Requirement → Copy word for word, please, the lines of the entries below running from the one containing "[+]: | 可能無法完全防止深色背景色彩被影印,但是始終可以影印原稿上的淺色區域。 |" to the one containing "Finally, we made", both ends included.

Material for this task section start

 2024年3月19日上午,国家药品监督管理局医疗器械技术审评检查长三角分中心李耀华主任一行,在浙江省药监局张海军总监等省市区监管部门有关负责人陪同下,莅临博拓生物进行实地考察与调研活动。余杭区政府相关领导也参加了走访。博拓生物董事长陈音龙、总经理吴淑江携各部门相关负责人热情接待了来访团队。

Material for this task section end
Material for this task section start

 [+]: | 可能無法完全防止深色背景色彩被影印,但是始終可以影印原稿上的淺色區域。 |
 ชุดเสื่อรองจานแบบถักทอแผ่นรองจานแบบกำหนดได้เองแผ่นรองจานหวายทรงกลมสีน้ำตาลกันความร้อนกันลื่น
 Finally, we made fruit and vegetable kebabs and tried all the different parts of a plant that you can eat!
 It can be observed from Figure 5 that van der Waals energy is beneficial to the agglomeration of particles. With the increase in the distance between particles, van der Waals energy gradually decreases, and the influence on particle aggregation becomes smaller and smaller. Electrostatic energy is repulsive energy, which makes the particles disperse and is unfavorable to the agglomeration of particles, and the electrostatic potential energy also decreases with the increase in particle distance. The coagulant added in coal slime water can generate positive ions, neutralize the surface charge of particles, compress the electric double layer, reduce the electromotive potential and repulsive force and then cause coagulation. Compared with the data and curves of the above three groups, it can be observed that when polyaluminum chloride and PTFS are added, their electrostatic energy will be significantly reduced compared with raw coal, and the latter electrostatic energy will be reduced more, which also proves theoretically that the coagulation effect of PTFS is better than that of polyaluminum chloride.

Material for this task section end
Material for this task section start

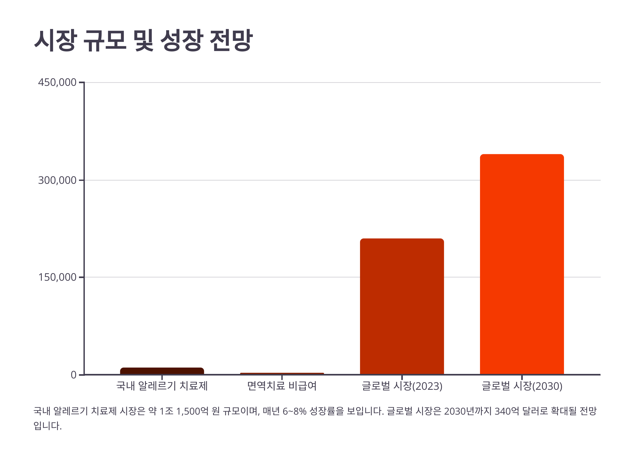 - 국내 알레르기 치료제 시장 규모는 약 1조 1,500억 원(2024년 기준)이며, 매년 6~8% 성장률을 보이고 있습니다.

Material for this task section end

Task solution →
 [+]: | 可能無法完全防止深色背景色彩被影印,但是始終可以影印原稿上的淺色區域。 |
 ชุดเสื่อรองจานแบบถักทอแผ่นรองจานแบบกำหนดได้เองแผ่นรองจานหวายทรงกลมสีน้ำตาลกันความร้อนกันลื่น
 Finally, we made fruit and vegetable kebabs and tried all the different parts of a plant that you can eat!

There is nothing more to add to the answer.